Sem pilotos em Austríacos desde a aposentadoria de Alexander Wurz, a Áustria registrou vários momentos intensos em todas as suas passagens pela f1. Osterreichring, Zeltweg e o próprio A1-Ring, proporcionaram aos fãs momentos marcantes na F1.

Em 1976, por exemplo. Osterreichring viu um fato inédito e, infelizmente, único na F1. A equipe de Roger Penske conseguiu sua solitária vitória na F1 antes de focar seus esforços nos EUA e se tornar a equipe mais poderosa da América. O britânico John Watson teve a honra de conseguir a vitória para o time americano.

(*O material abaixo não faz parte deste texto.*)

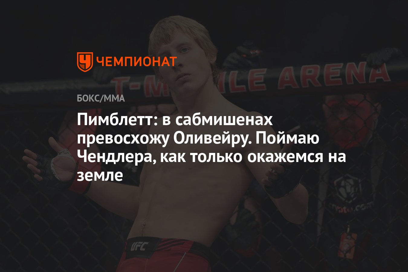 Боец UFC в легком весе, Пэдди Пимблетт, заявил, что считает себя более искусным мастером болевых и удушающих приемов, чем Чарльз Оливейра.

Para nós brasileiros temos a marca de participar de uma das maiores trapaças da história moderna da F1. Ali, juntinho com o “crashgate” de Piquet em Cingapura, temos na liderança da tabela de vexames históricos. Quem não se lembra de 2002 o final “hoje-sim, hoje-não” da dupla Barrichello e Schumacher? Depois de liderar todas as voltas da corrida, em um domínio do brasileiro sob o alemão, Barrrichello desacelerou na última curva para deixar claro ao mundo que havia ali sim uma ordem de equipe. Barrichello expos seu time ao ridículo. E apresentou ao mundo a sua posição contratual de segundo piloto, fato que ele negava em suas declarações sobre sua presença na equipe italiana.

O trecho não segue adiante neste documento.